Frame 	Module 	Signature 	Source
0 	libxul.so 	js::ion::AutoFlushCache::update 	Assembler-arm.cpp:2447
1 	libxul.so 	js::ion::AutoFlushCache::updateTop 	Ion.cpp:1990
2 	libxul.so 	js::ion::Assembler::executableCopy 	Assembler-arm.cpp:469
3 	libxul.so 	js::ion::IonCode::copyFrom 	Ion.cpp:341
4 	libxul.so 	js::ion::CodeGenerator::link 	IonLinker.h:58
5 	libxul.so 	js::ion::AttachFinishedCompilations 	Ion.cpp:1087
6 	libxul.so 	js_InvokeOperationCallback 	jscntxt.cpp:1294
7 	libxul.so 	SortComparatorStrings::operator 	jscntxt.h:2034
8 	libxul.so 	js::array_sort 	Sort.h:45
9 	libxul.so 	js::InvokeKernel 	jscntxtinlines.h:364
10 	libxul.so 	js::Interpret 	jsinterp.cpp:2321
11 	libxul.so 	js::RunScript 	jsinterp.cpp:326
12 	libxul.so 	js::Invoke 	jsinterp.cpp:384
13 	libxul.so 	JS_CallFunctionValue 	jsapi.cpp:5786
14 	libxul.so 	mozilla::dom::EventHandlerNonNull::Call 	EventHandlerBinding.cpp:44 
...

More reports at:
https://crash-stats.mozilla.com/report/list?signature=js%3A%3Aion%3A%3AAutoFlushCache%3A%3Aupdate%28unsigned+int%2C+unsigned+int%29
Whiteboard: [native-crash]
It's #5 top crasher in 20.0a1.
tracking-fennec: --- → ?
Keywords: topcrash
I also hit this today while exploring the My Stream page of the paid social network service http://app.net.
My report is at:
bp-eee1ae35-ac88-4893-bb0f-daceb2121212
It spiked in 20.0a1/20121212 with about 50 crashes per hour.
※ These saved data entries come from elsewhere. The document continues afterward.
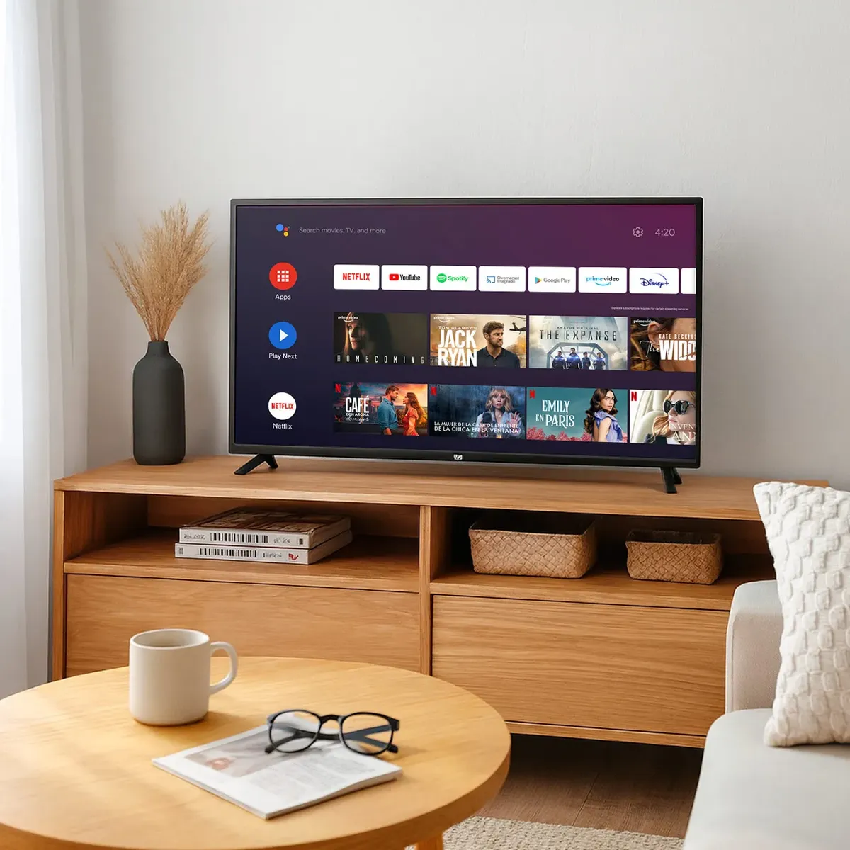 - Sistema Operativo: Android TV (ofrece la mayor biblioteca de apps: Netflix, YouTube, Prime Video, Disney+, Star+, etc.).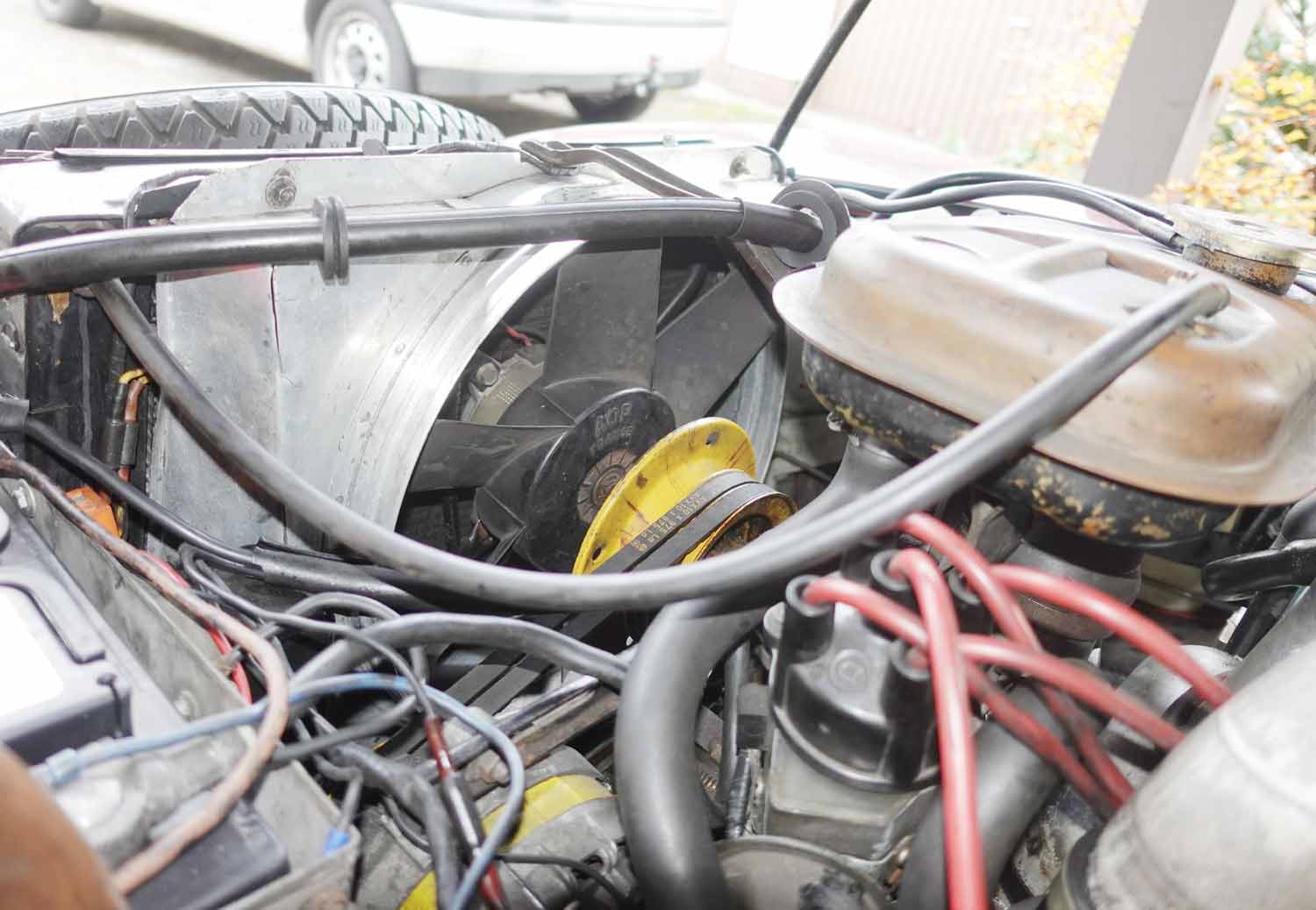 Der Umbau auf einen Elektrolüfter sollte heute eher einfacher sein, mit dem großen Kühler funktioniert es besser. Ich habe einen Lüfter aus einem BX Turbodiesel verwendet. Er ist aber noch etwas knapp mit seinem Luftdurchsatz.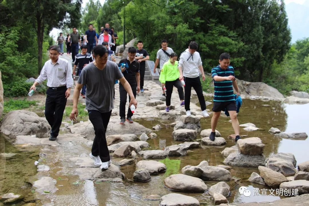 在下午攀登嵩山的過程中,大家伴著潺潺流水,聽著松濤陣陣,嗅著山林清香,相互鼓勵、相互扶持,人群中不時傳出悅耳的笑聲,在進行戶外鍛煉的同時也很好地放松了心情。這些別出心裁的活動都得到了青年干部熱情高漲的參與,也得到了大家的一致好評。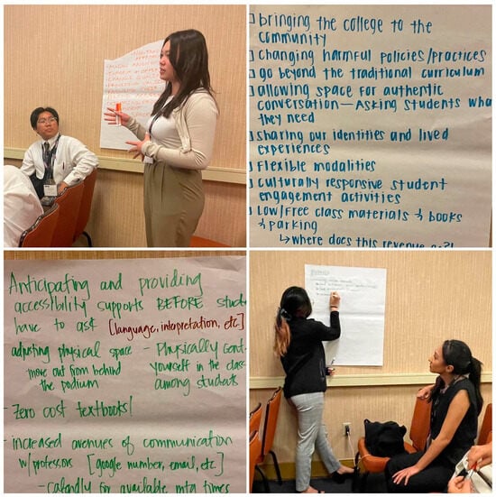 As seen in Figure 16, attendees were asked to engage with one another by sharing their experiences within educational systems and their communities. The groups included a diverse mix of students, faculty, student services staff, and administrators. Attendees were asked guiding questions about their experiences and responded in pairs or trios by sharing personal stories. By storytelling first in smaller pairs, all attendees had the opportunity to share and hear each other, as shown in Figure 17. These stories were then shared in a larger group to identify themes and narratives. As previously mentioned, storytelling builds and preserves community among marginalized groups. Attendees were then challenged to envision counternarratives to identify how negative experiences can be met with the strength-based narratives of their communities. Storytelling and counter-narratives challenge “received wisdom” and open “new windows into reality, showing us that there are possibilities for life other than the ones we live” (Delgado 1989, p. 2414). Attendees then envisioned ways they could feel more supported within their spheres of influence, as shown in Figure 18. These shared stories and narratives, engaging with one another, and dreaming together helped forge a collective identity, which is instrumental to enhancing overall well-being (Oster et al. 2014). McGee (2016) recommends that students of varying identities who find that they share common narratives, e.g., experiencing racial microaggressions on campus, should work together to strategize for collective agency.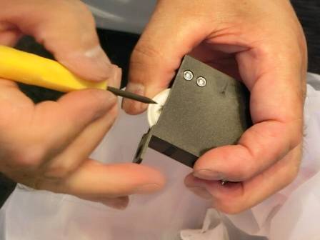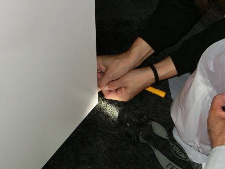 お客様からキリなどをお借りしながら車輪の掃除を実施。その後に引き戸を元に戻して開閉検査をしましたが、改善されません。後日、メーカー同行で対処することになりました。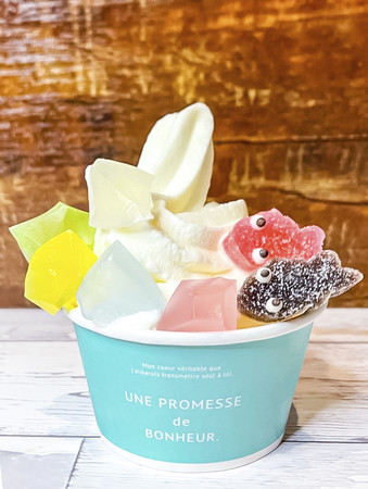「みどり製菓」琥珀糖ソフトクリーム(1人前)550円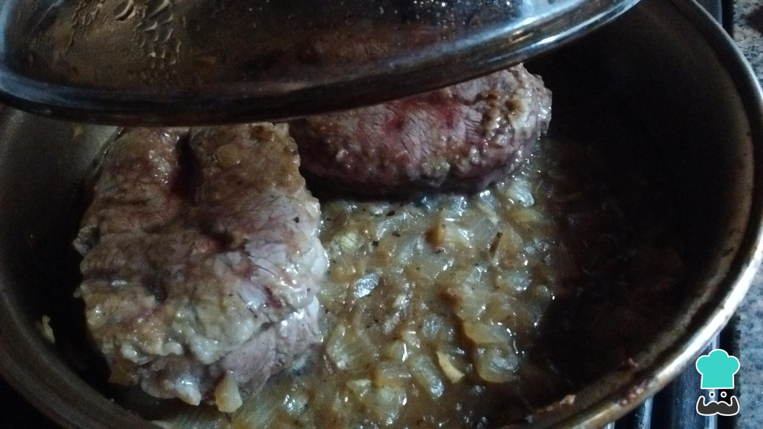 Por último, agrega al salteado la cebolla y baja el fuego a medio. A continuación, añade un difusor debajo y tápalo. Esto hará un efecto horno para que la carne se cocine por completo. Para saber que está lista, deberás ver que los jugos de la carne cambian de rojos, como ves en la imagen, a traslúcidos marrones.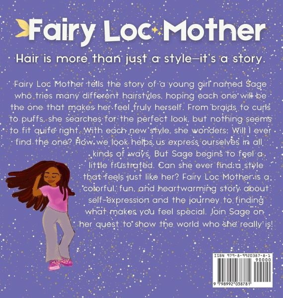 Fairy Loc Mother tells the story of a young girl named Sage who tries many different hairstyles, hoping each one will be the one that makes her feel truly herself. From braids to curls to puffs, she searches for the perfect look, but nothing seems to fit quite right. With each new style, she wonders: Will I ever find the one? How we look helps us express ourselves in all kinds of ways. But Sage begins to feel a little frustrated. Can she ever find a style that feels just like her? Fairy Loc Mother is a colorful, fun, and heartwarming story about self-expression and the journey to finding what makes you feel special. Join Sage on her quest to show the world who she really is.
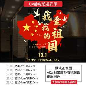 十一国庆节日氛围装饰静电玻璃贴纸商场布置氛围窗贴我爱我的祖国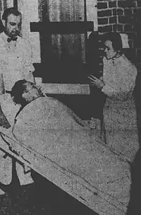 On May 30, 1936, Zioncheck's wife left him after an argument during a party at their apartment. On June 1, he became frantic and searched Washington, D.C. for her. He was arrested later that day on a lunacy warrant.[8] He was confined in Gallinger Municipal Hospital Psychopathic Ward, during which his wife returned to him.[9][10] Doctors blamed overwork and his hectic lifestyle.[11]

The regression range for the spike is:
http://hg.mozilla.org/mozilla-central/pushloghtml?fromchange=4dfe323a663d&tochange=634180132e68
Severity: critical → blocker
Depends on: 820855
Crashes for me on the front page of Ars Technica on Galaxy Nexus.
Copied over from the dupe I filed (bug 820855):


I'm getting a crash on a Galaxy Nexus running a local debug build of Android (cset 87f8165c5a0b + the patch on bug 818060). STR:

1) Start fennec
2) load about:memory
3) Scroll to the bottom and hit update
4) Pinch zoom in and out a little
5) Hit update again

GDB backtrace is attached [1]. It's happened 2/2 times so far so I assume it's easily reproducible.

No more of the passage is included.